When allocating unused memory boosts performance by 2x
Term aggregations are one of the key aggregations in our search engine quickwit. They can give you crucial insight into your logs and a typical query would be to count the number of occurrences per log level over a period of time. In SQL, they would be the equivalent of:
SELECT term, COUNT(*)
GROUP BY term
WHERE <some complicate where clause>;
While they perform excellently at lower cardinalities, like log levels, they are not as performant at higher cardinalities where you might aggregate over an id field. Therefore, I was looking into a specialized data structure that could support higher cardinalities with improved performance and reduced memory consumption.
During performance testing, I stumbled upon a weird performance effect. The throughput of a function increased by 2x when I added a dataset but didn't use it anywhere. Such fluctuations are not unheard of and could be caused by a myriad of things. But this time the code was so unrelated that I had to investigate further, especially since the effect was consistent and not a fluke.

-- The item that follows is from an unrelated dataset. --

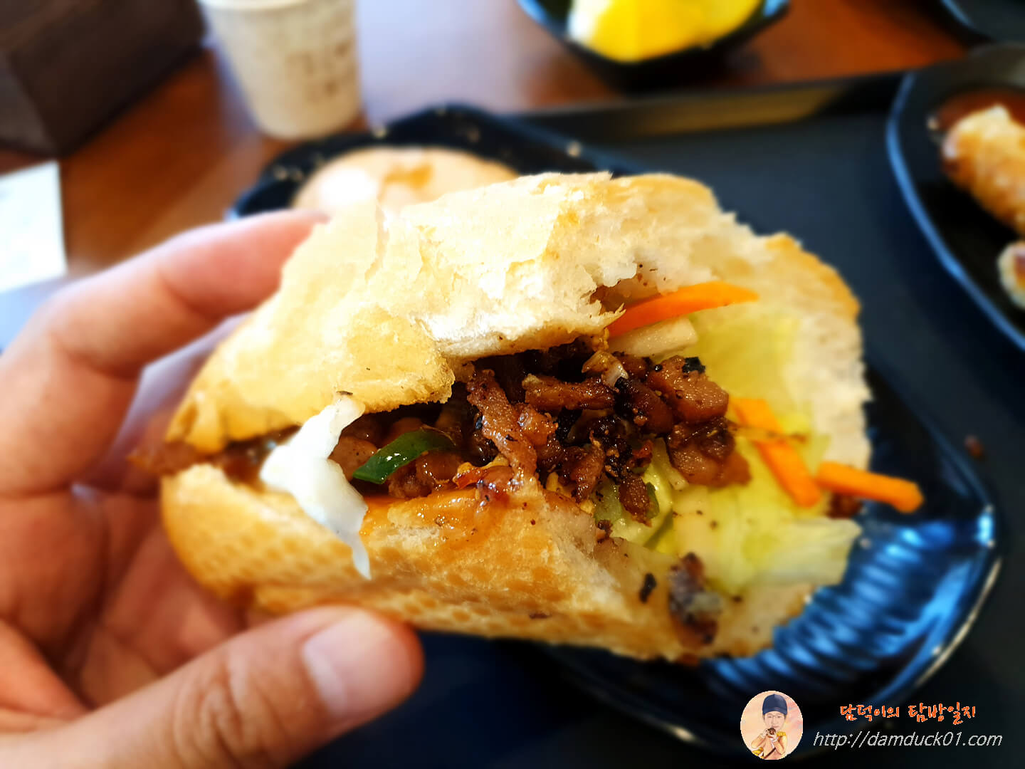 저는 어제 반미를 먼저 다 먹고 난 후 짜조를 먹었는데요. 반미는 음~ 왜 요즘 반미를 파는 카페나 샌드위치 가게들 많잖아요? 제가 그런 곳에서 먹어본 적은 없지만 세움 간판에 있는 반미 사진들을 보면 꽤 맛있어 보였거든요. 그런데 사이공 반미는 뭐랄까? 제가 집에서 만든 느낌? 왜 우리나라도 요즘은 잘 안 보이는데 길거리 음식으로 팔던 샌드위치 있잖아요. 식빵 달걀물에 적셔서 철판에 굽고 양배추 잘게 썰어서 케첩이랑 마요네즈에 버무려서 식빵 안에 담은 후 쿠킹 호일로 감싸서 파는 그 샌드위치요. 이게 거기서 사 먹으면 맛도 좋고 보기도 좋은데 제가 집에서 만들면 모양이 잘 안 나온단 말이죠. 그런 느낌이었어요.

This blogpost is going to be a deep dive where we will fully unravel this mystery and dive deep into the elementals of every program. Some understanding of Rust is beneficial, but not required.
The Performance Effect
The benchmarked function is test_fx_hash_map
. It simply counts the number of occurrences of a u32
id into a FxHashMap
.
This is in essence what the term aggregation does, where the ids would be term ids.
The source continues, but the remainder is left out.